Now we will train Q-network for 300 episodes with decaying epsilon greedy action selection. Our buffer will have 20000 memory slots.

import warnings
import random
from tqdm import trange

warnings.simplefilter('ignore')

policy_net = QNetwork(state_dim, action_dim)
target_net = QNetwork(state_dim, action_dim)
target_net.load_state_dict(policy_net.state_dict())
target_net.eval()

inspector.attach(policy_net)
optimizer = torch.optim.AdamW(policy_net.parameters(), lr=1e-3)

buffer = ReplayBuffer(20000)
BATCH_SIZE = 256

gamma = 0.99
eps_start, eps_end, eps_decay = 1.0, 0.05, 1000

steps_done = 0
N_EPISODES = 300
smoothing_factor = 0.2
smoothed_treward = 0
for episode in trange(N_EPISODES):
    state, _ = env.reset()
    state = torch.tensor(state, dtype=torch.float32).unsqueeze(0)
    total_reward = 0

    for t in range(500):
        # Epsilon-greedy action
        eps_threshold = eps_end + (eps_start - eps_end) * np.exp(-1. * steps_done / eps_decay)
        steps_done += 1
        if random.random() < eps_threshold:
            action = torch.tensor([[random.randrange(action_dim)]], dtype=torch.long)
        else:
            with torch.no_grad():
                q_values = policy_net(state)
                action = q_values.argmax(dim=1, keepdim=True)

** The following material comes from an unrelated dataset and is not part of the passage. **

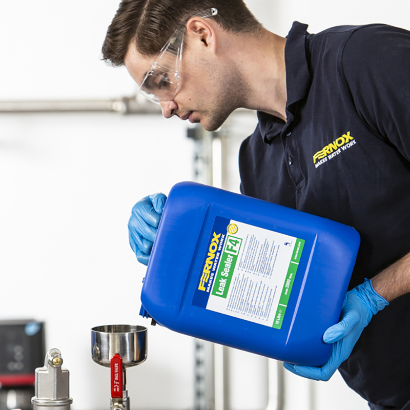 Fernox Leak Sealer F4 est classé comme non dangereux, mais comme avec tous les produits chimiques, il doit être tenu hors de la portée des enfants. En cas de contact avec les yeux ou la peau, rincer abondamment à l’eau immédiatement.
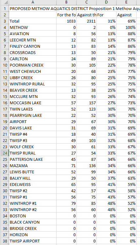 The Hospital Proposition 1... Some precincts approved the Proposition, but only 3 over the required 60% threshhold...

        # Step environment
        next_state, reward, terminated, truncated, _ = env.step(action.item())
        total_reward += reward
        done = terminated or truncated
        next_state = torch.tensor(next_state, dtype=torch.float32).unsqueeze(0)
        buffer.push(state, action, reward, next_state, done)
        state = next_state

        # Optimize
        if len(buffer) > BATCH_SIZE:
            transitions = buffer.sample(BATCH_SIZE)
            batch = Transition(*transitions)

            non_final_mask = ~torch.tensor(batch.done, dtype=torch.bool)
            non_final_next_states = torch.cat([s for s, d in zip(batch.next_state, batch.done) if not d])

            state_batch = torch.cat(batch.state)
            action_batch = torch.cat(batch.action)
            reward_batch = torch.tensor(batch.reward, dtype=torch.float32)

            q_values = policy_net(state_batch).gather(1, action_batch)

            next_q_values = torch.zeros(BATCH_SIZE)
            with torch.no_grad():
                next_q_values[non_final_mask] = target_net(non_final_next_states).max(1)[0]

            expected_q_values = reward_batch + gamma * next_q_values
            loss = loss_fn(q_values.squeeze(), expected_q_values)

            optimizer.zero_grad()
            loss.backward()
            optimizer.step()
        if done:
            break

    smoothed_treward = (1 - smoothing_factor)* total_reward + smoothing_factor * smoothed_treward
    inspector.push_metric('total_reward', total_reward)
    inspector.push_metric('smoothed_treward', smoothed_treward)
    inspector.tick_epoch()

    # Update target network
    if episode % 5 == 0:
        target_net.load_state_dict(policy_net.state_dict())
fig = inspector.visualizer.show_fig()
100%|███████████████████████████████████████████████████████████████████████████████████████████████████████████████████████████████████████████████████████| 300/300 [03:33<00:00,  1.40it/s]
../../_images/output_11_11.png

We see jagged corners at every fifth episode, when target network was update and neural network needed to learn a new landscape, outputs are domintated by output layer, as it is an estimation of utility function and has the largest values accross network.

What to Look for#

  • Spikes of norms may signal gradient issues.

  • Classification tasks usually lead to values near zero, thus norm will be small, while regression task as a Q-learning should gradually increase or decrease output norms and parameters norms to match target magnitude.

Next Steps#

  • Take a look at other demonstration notebooks and documentation.

  • Experiment with other RL environments and algortithm such as policy-gradient improvment to investigate norm development.